I wrote this essay on February 25, 2013.

A republic -- rule by the people -- is meant to replace the rule of an individual, in particular a king, or the rule of a few. The naysayers among historians warn that a republic inevitably degenerates into tyranny or anarchy, and generally with the first following on the second as surely as night follows day. Neither has happened in the U.S. republic, a point of justified pride amongst Americans. However, something else happened; in a way it's worse than tyranny because its action has been so subtle and incremental that by the time a great many Americans noticed something had gone terribly wrong with their system of government U.S. society was already badly corroded.

What happened is that the way a preponderance of American individuals conducted their personal business came to reflect how the U.S. government conducted its business. And so just around the time the White House realized it could use the U.S. dollar's reserve status with foreign central banks as an endlessly revolving line of credit, the American middle class realized it could live far above its means through the miracle of an endlessly revolving line of credit.

And here we are, decades later, with millions of Americans yelling at their government for its profligate spending and frantically paying down their student loan and credit card debt.

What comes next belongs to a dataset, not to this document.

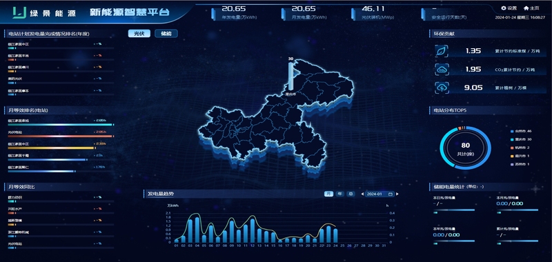 作为可视化监控中枢,以大屏形式集中呈现电站整体运行态势、核心数据与告警信息,提供直观高效的监控视角。

Economist Paul Krugman -- a self-termed Keynesian -- is having none of this mea culpa of the masses; he's urging the government to increase its spending as the way to jump-start the moribund American economy. Yet Lord Maynard Keynes did not live to see the day that the masses were strutting around in designer jeans and driving cars that only the rich should be able to afford; if he had, I think he would have told Krugman to put a sock it in it.

The ad agency that created two TV ads for Dodge Acura's third "Season of Reason" campaign showed that it was a better judge of the mood of the body politic than Krugman. The ads, which first aired in November 2012, featured money guru Suze Orman and commonsense psychologist Dr Phil spiriting (in an Acura car) members of the American middle class away from the temptation of overspending on expensive stuff they don't need. When the man in the Dr Phil version of the ad whines that he has his heart set on buying an outlandishly glamorous, gigantic Christmas tree, Phil snarls, "Well tough tinsel" after depositing him at a lot that sells normal-sized and perfectly respectable Christmas trees at a reasonable price.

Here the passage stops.